* **Action item**
Every entry that follows should be repeated exactly; drop the images.
[[ Extracted records open ]]
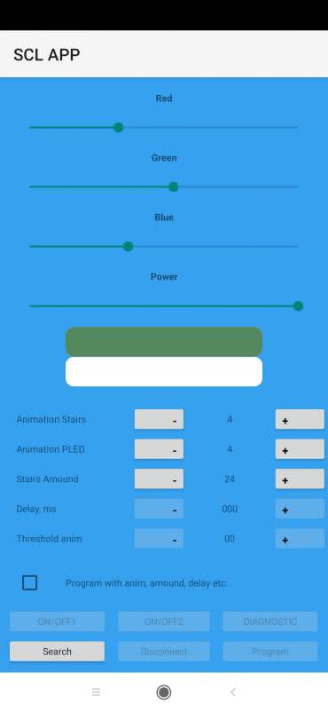 Z aplikacji na telefonie mamy możliwość zmiany wszystkich ustawień oraz sprawdzenie wszystkich diod LED za pomocą trybu diagnostycznego. Okno aplikacji zostało pokazane na rysunku 7. Z poziomu aplikacji jest też możliwość załączenia lub wyłączenia podświetlania schodów. Przy pierwszym uruchomieniu aplikacji należy zezwolić na dostęp do Bluetooth oraz lokalizacji, a następnie należy utworzyć połączenie ze sterownikiem. W tym celu trzeba nacisnąć przycisk SEARCH, a następnie poczekać chwilę, aż zostanie wyszukany sterownik. Po wyszukaniu dostępnych urządzeń należy zaznaczyć to o nazwie, SCL-BT oraz kliknąć Wybierz, a następnie należy wpisać hasło: 1234. Po udanym połączeniu na sterowniku zaświeci się w trybie ciągłym druga dioda LED umieszczona w pobliżu modułu Bluetooth HC-05. Od tego momentu użytkownik ma możliwość wysyłania komend do sterownika.
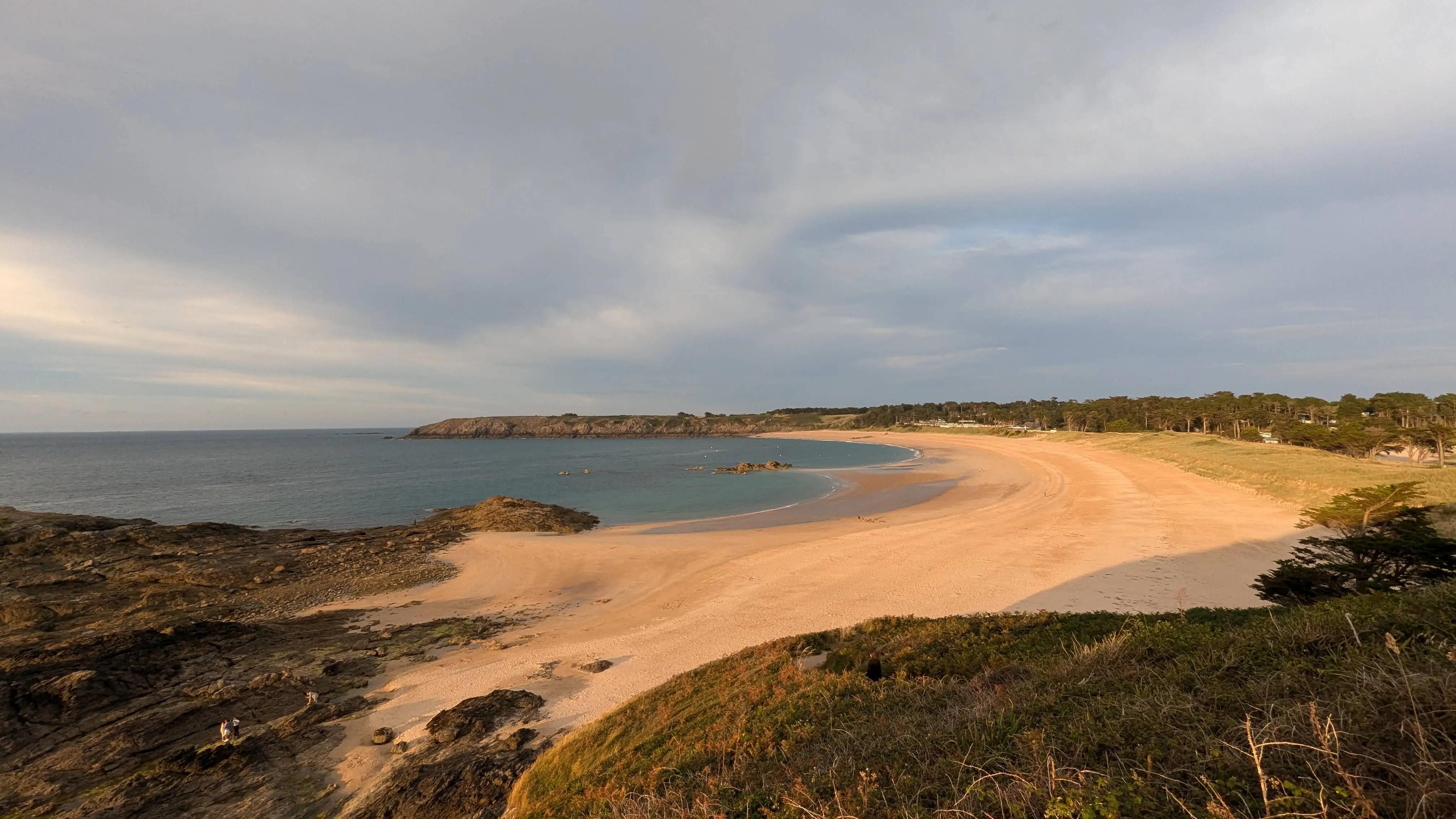 Naturism here is well-tolerated and widely practiced. On warm days, the right-hand side buzzes pleasantly with a mix of families, couples, older regulars, and visitors from nearby campgrounds. The views toward the headlands and the dunes above the restaurant give this beach a magical feel. A perfect place to enjoy a Brittany summer day; as free or as dressed as you like.
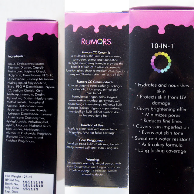 Sebagai simpulan, gue suka sama Rumors CC Cream ini karena super ringan dan nggak ada kesan lengket di wajah. Finish-nya juga glowing banget bikin wajah gue terlihat sehat, walaupun gue harus tetap set pakai bedak karena kulit gue jenisnya berminyak. Nggak bikin kelihatan cakey atau dempul. Bisa meratakan warna kulit sesuai fungsinya sebagai CC cream. Hanya saja gue nggak begitu memfavoritkan desain kemasannya dan nggak ada penjelasan SPF berapa yang terkandung dalam produk ini. Yang gue nggak suka sih klaimnya banyak banget tapi nggak semua klaim sesuai dengan realita. Tapi gue masih memaafkan karena ini kan CC cream, bukan foundation. Kalau foundation mungkin gue akan kecewa berat ya hahaha. Ketahanannya biasa aja buat gue yang kegiatannya nggak di ruangan ber-AC dan seringnya bahkan di luar ruangan. Kalau teman-teman kegiatannya di tempat ber-AC mungkin bakal lebih awet. Wanginya memang agak mengganggu tapi bakal hilang kalau sudah dipakai ke wajah setelah beberapa menit. Walau hanya memiliki satu shade, ternyata shade ini nggak bikin kulit terlihat pektay atau terlalu putih di kulit gue yang tone-nya medium. Lama-lama dia nyatu sama warna kulit kok. Oh iya, Rumors CC Cream juga nggak bikin kulit gue breakout! Yayyy senang senang! :D
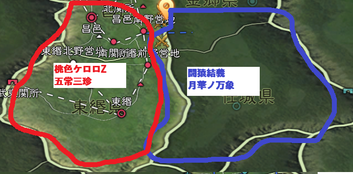南東方面は、闘猿結義・月華ノ万象の2同盟が、桃色ケロロZ・五常三珍と対峙する形でした。
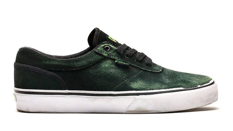 上が新品で下がスケートボードで消耗したシューズ。アッパーが削れることで下地のグリーンが現れているのがわかる。
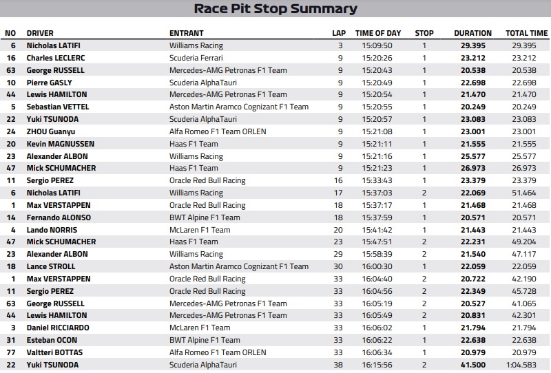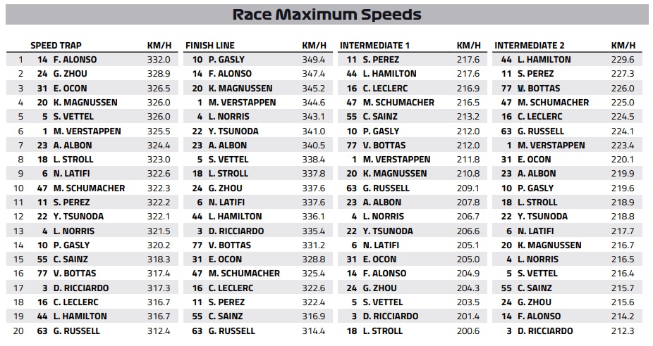Η στρατηγική της AlphaTauri για τον Gasly ήταν ριψοκίνδυνη, της Mercedes όμως ήταν η σωστή και ο Hamilton πέρασε μπροστά από τον Γάλλο. O Gasly είχε επικρατήσει νωρίτερα στη μάχη του με τον Daniel Ricciardo, ενώ ο Vettel δεν κατάφερε να πλησιάσει την AlphaTauri στο τέλος του αγώνα. Πίσω από τον Γερμανό τερμάτισε ο Alonso, εκμεταλλευόμενος την υψηλή τελική ταχύτητα της Alpine για να διατηρήσει πίσω του τις McLaren. Ωστόσο, η γαλλική ομάδα πλήρωσε το τίμημα όσον αφορά την καταπόνηση ελαστικών, καθώς η Alpine ολίσθαινε συνεχώς στις αργές στροφές.
[[ Extracted records closed ]]
* **Output**
 Z aplikacji na telefonie mamy możliwość zmiany wszystkich ustawień oraz sprawdzenie wszystkich diod LED za pomocą trybu diagnostycznego. Okno aplikacji zostało pokazane na rysunku 7. Z poziomu aplikacji jest też możliwość załączenia lub wyłączenia podświetlania schodów. Przy pierwszym uruchomieniu aplikacji należy zezwolić na dostęp do Bluetooth oraz lokalizacji, a następnie należy utworzyć połączenie ze sterownikiem. W tym celu trzeba nacisnąć przycisk SEARCH, a następnie poczekać chwilę, aż zostanie wyszukany sterownik. Po wyszukaniu dostępnych urządzeń należy zaznaczyć to o nazwie, SCL-BT oraz kliknąć Wybierz, a następnie należy wpisać hasło: 1234. Po udanym połączeniu na sterowniku zaświeci się w trybie ciągłym druga dioda LED umieszczona w pobliżu modułu Bluetooth HC-05. Od tego momentu użytkownik ma możliwość wysyłania komend do sterownika.
 Naturism here is well-tolerated and widely practiced. On warm days, the right-hand side buzzes pleasantly with a mix of families, couples, older regulars, and visitors from nearby campgrounds. The views toward the headlands and the dunes above the restaurant give this beach a magical feel. A perfect place to enjoy a Brittany summer day; as free or as dressed as you like.
 Sebagai simpulan, gue suka sama Rumors CC Cream ini karena super ringan dan nggak ada kesan lengket di wajah. Finish-nya juga glowing banget bikin wajah gue terlihat sehat, walaupun gue harus tetap set pakai bedak karena kulit gue jenisnya berminyak. Nggak bikin kelihatan cakey atau dempul. Bisa meratakan warna kulit sesuai fungsinya sebagai CC cream. Hanya saja gue nggak begitu memfavoritkan desain kemasannya dan nggak ada penjelasan SPF berapa yang terkandung dalam produk ini. Yang gue nggak suka sih klaimnya banyak banget tapi nggak semua klaim sesuai dengan realita. Tapi gue masih memaafkan karena ini kan CC cream, bukan foundation. Kalau foundation mungkin gue akan kecewa berat ya hahaha. Ketahanannya biasa aja buat gue yang kegiatannya nggak di ruangan ber-AC dan seringnya bahkan di luar ruangan. Kalau teman-teman kegiatannya di tempat ber-AC mungkin bakal lebih awet. Wanginya memang agak mengganggu tapi bakal hilang kalau sudah dipakai ke wajah setelah beberapa menit. Walau hanya memiliki satu shade, ternyata shade ini nggak bikin kulit terlihat pektay atau terlalu putih di kulit gue yang tone-nya medium. Lama-lama dia nyatu sama warna kulit kok. Oh iya, Rumors CC Cream juga nggak bikin kulit gue breakout! Yayyy senang senang! :D
南東方面は、闘猿結義・月華ノ万象の2同盟が、桃色ケロロZ・五常三珍と対峙する形でした。
 上が新品で下がスケートボードで消耗したシューズ。アッパーが削れることで下地のグリーンが現れているのがわかる。
Η στρατηγική της AlphaTauri για τον Gasly ήταν ριψοκίνδυνη, της Mercedes όμως ήταν η σωστή και ο Hamilton πέρασε μπροστά από τον Γάλλο. O Gasly είχε επικρατήσει νωρίτερα στη μάχη του με τον Daniel Ricciardo, ενώ ο Vettel δεν κατάφερε να πλησιάσει την AlphaTauri στο τέλος του αγώνα. Πίσω από τον Γερμανό τερμάτισε ο Alonso, εκμεταλλευόμενος την υψηλή τελική ταχύτητα της Alpine για να διατηρήσει πίσω του τις McLaren. Ωστόσο, η γαλλική ομάδα πλήρωσε το τίμημα όσον αφορά την καταπόνηση ελαστικών, καθώς η Alpine ολίσθαινε συνεχώς στις αργές στροφές.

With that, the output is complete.